(Local ‘Big Evil’ Pharmacy, a customer strolls up to the drop-off window.)
Me: “Hi.”
Customer: “I want this filled generic.”
Me: “We always fill it generic, if we can. When would you like to pick this up?”
Customer: “Now.”
Me: “Our wait time is about forty-five minutes to an hour.”
Customer: “What?? All you have to do is stick it in a bottle and slap a sticker on it.”
Me: “Ma’m, there is more to it than that.”
Customer: “Well, I need it now, and I want it for $4.00.”
(I look at her prescription, a 30-day supply of Hydroco/APAP 5-500mg. I’ve seen this one a lot.)
Me: “This will cost you $9.68, ma’m.”
Customer: “Nah, I want generic not brand.”
Me: “The brand is cheaper.”
Customer: “Well, anyways, I want it for $4.00″
Me: “I can’t do anything about that, but maybe your insur-”

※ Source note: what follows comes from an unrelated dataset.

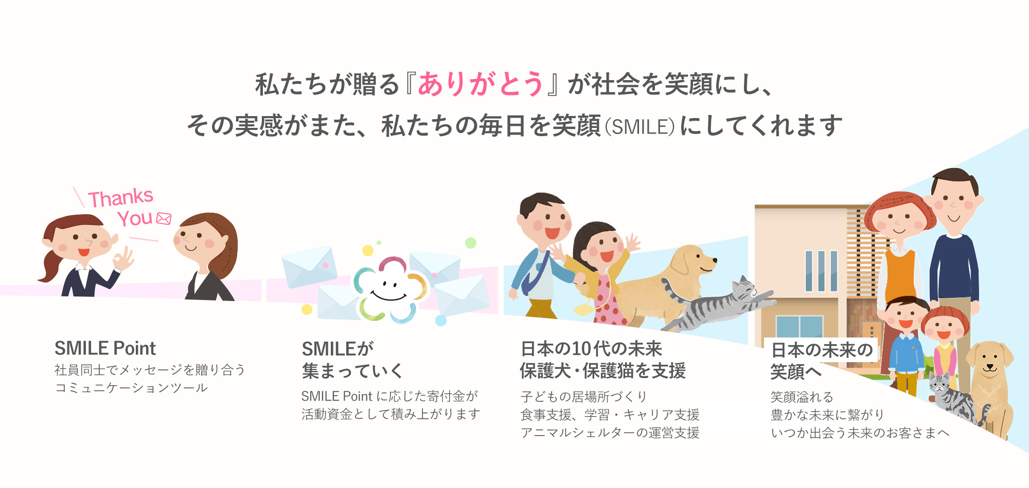 新しい寄付先である「カタリバ」への支援、そして継続する「保護犬・保護猫支援」。私たちの「ありがとう」の気持ちを多方面へ広げ、社内、そして社会にたくさんのSMILEを咲かせていきましょう!

Customer: “I don’t have insurance. Give me the generic.”
Me: “Ma’m, the generic will cost you over $12.”
Customer: “The TV said you have generic’s for $4.00″
(The customer’s friend walks up. I continue to input the prescription.)

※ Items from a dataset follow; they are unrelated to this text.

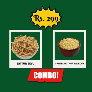 Sevu & Palkova: Relish the crispy Sattur Sevu (0.25 kg), alongside the creamy, melt-in-your-mouth Palkova (0.25 kg), crafted from fresh milk.
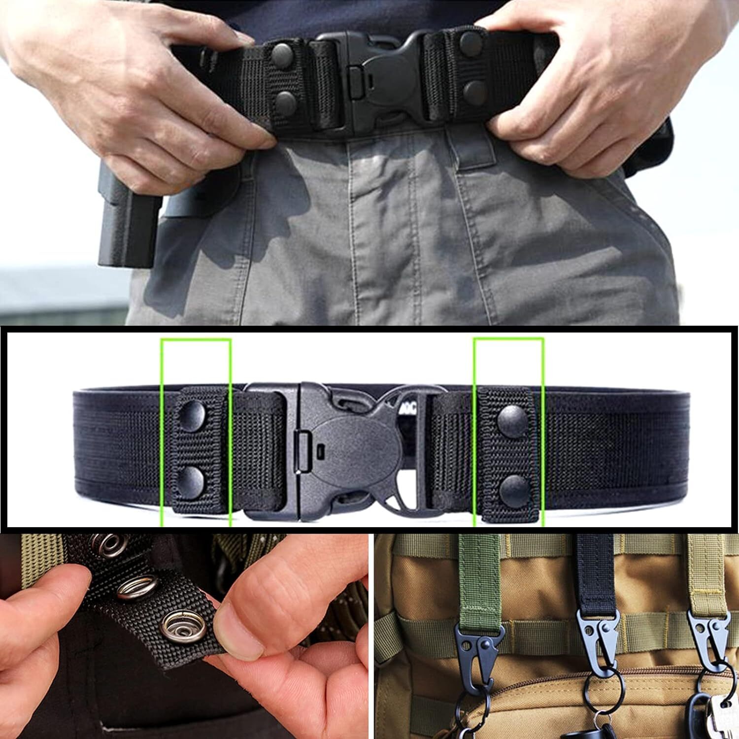 Ordnung am Gürtel war noch nie so einfach! Dieses 5er-Set Gürtelschlaufen von Lunaanda sorgt für perfekte Organisation deiner Ausrüstung. Aus strapazierfähigem Nylon gefertigt, sind diese Halter wasserdicht, verschleißfest und extrem langlebig. Das doppelte Druckknopf-Design mit Klettverschluss garantiert einen sicheren Halt - selbst bei großen Bewegungen wie Laufen oder Kämpfen lösen sie sich nicht. Einfach um den Gürtel wickeln und mit dem Metallknopf schließen - schon ist alles fest an Ort und Stelle. Im Set enthalten sind 5 Gürtelschlaufen (19x2,5cm) und 5 Karabiner-Verschlüsse (2,6x6,2cm). Perfekt für Polizisten, Sicherheitspersonal, Feuerwehrleute, aber auch für Outdoor-Aktivitäten wie Wandern, Angeln oder Camping. Ideal zum sicheren Tragen von Schlüsseln, Taschenlampen, Radios oder anderer wichtiger Ausrüstung. Leicht und kompakt, verursachen keine Beschwerden an der Taille. Ein unverzichtbares Accessoire für alle, die ihre Ausrüstung organisiert und griffbereit haben wollen. Hol dir dieses Set und meistere jeden Einsatz perfekt ausgerüstet!
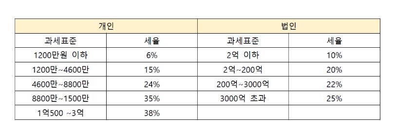 개인사업자는 “내가 곧 사업체다”라고 할 수 있습니다. 사업체로 번 돈을 사장 마음대로 쓸 수 있고, 사업으로 인한 책임도 사장이 전부 부담해야합니다. 시작 절차도 세무서나 국세청 홈페이지 홈텍스에서 ‘사업자등록’만 하면 됩니다. 참 간단하죠? 대신 영세업자가 아니라면 법인보다 소득세율이 높습니다. 그리고 경영 상태가 좋더라도 은행 등에게 대외신인도가 낮습니다. 정부 지원 사업 등을 통한 자금 조달도 쉽지 않죠.

Customer (to friend): ”Can you believe this, it’s an hour’s wait.”
Friend: “What, naw, I ain’t fixin’ to stay in here no g** d*** hour. You gonna fill it now.”
(Looking at me, I decide to respond. A line has started behind them.)
Me: “Sir, let’s put that in perspective. See that person in the back of the line.”
Friend: “I ain’t worried about that person, fill the damn prescription.”
Me: “We’re in the process, but say I put your friend’s script in. Then when the lady in the back of the line gets up here, I’ll put her’s ahead of your friend’s. Would that be fair?”
Customer: “Hey, wait a damn second. You better not fill that b****es medicine before mine.”
Me: “I won’t do that, trust me. But we didn’t just open. It is past 2:00pm and we have had plenty of people stop by today.”
Friend: “Hell, we was here first. You closed for thirty minutes, we ought to be first to be filled.”
Me: “Yes, your correct but we closed for lunch. That means all production stopped. We have over thirty in fill right now ahead of you. However, we will get it to you today.”
Friend: “Well, she needs it.”
Me: “Okay, well it will be $9.68. Check back in an hour, 3:00pm.”
Friend: “Wait a darn minute, it’s supposed to be $4.00. Says so on the tv. She wants generic.”